April 01, 2010
Remember when Javon Walker(notes) signed that huge six-year, $55 million deal with the Raiders? And then, immediately afterward, he sort of disappeared and the Raiders got almost no return on their investment?
Well, that wasn't lost on Javon Walker. In an interview with TheFootballGirl.com, Walker said he offered the Raiders a full refund on the money they gave him. Quoth Javon:
"Everybody knows how Al Davis is. What people and fans don't realize is when I did sign that contract, I offered to give it back. So that's the thing people need to realize and need to hear is that I don't take money just to take it. [...] When I was in Oakland, I offered to give that money back, and they said 'no.' "
That's a bold gesture from Javon, if indeed it did happen. As far as the Raiders turning it down, of course they would — as would any other NFL team. No one wants to admit they made a huge mistake like that, and then draw attention to it by accepting charity from a failed player.
And besides, if everyone the Raiders have ever overpaid offered to give the money back, Al Davis himself would immediately become the world's biggest economy, and our entire financial system would be thrown into chaos.

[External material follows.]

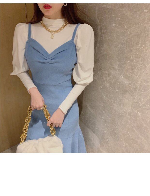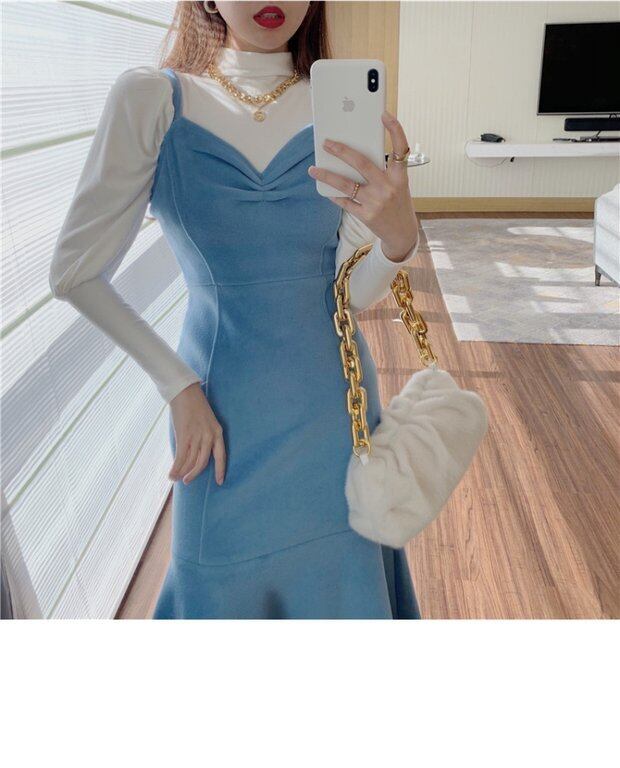 色:ホワイトボトミングシャツ,青い服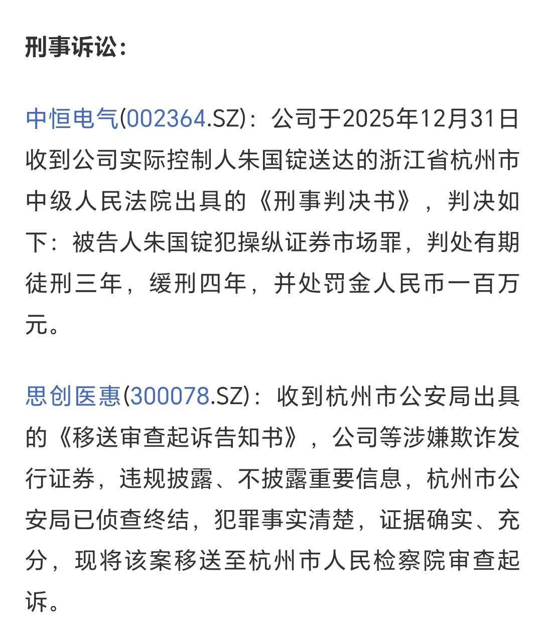 $思创医惠(SZ300078)$ 仔细看看,中恒就是起诉后判决,检察院提起诉讼,法院判决,也只是判当时的董事长入狱,罚金。罚金一百万。。。

So, Javon, what went wrong in Oakland?
"It just wasn't the right situation for me. I'm thinking I'll be able to come in, play the game, help the organization win, but it's an organization that's going through some rebuilding and some trials and tribulations. When I was in Denver, I performed, When I was in Green Bay, I performed. So now that I'm in Oakland, I can't perform? Like all the sudden, my talents were just taken away from me? [...] I never really got an opportunity. I never got a fair chance. [...] I'm not the first athlete who went into Oakland, and all of the sudden, it looked like his talent had disappeared."
I guess he's got a point there.
Walker then goes on to say he'll play for the league minimum in 2010, and that he's going to give some lucky team a very productive year. I admire his optimism.
But at the same time, it seems a little too convenient to blame everything on the Raiders. How often does a wide receiver have three non-productive years in a row, then come back and set the league on fire? That's just not something that happens. I'd love to be wrong, and for Walker to come out in 2010 and have a huge year, but that it's not something I'd bet on.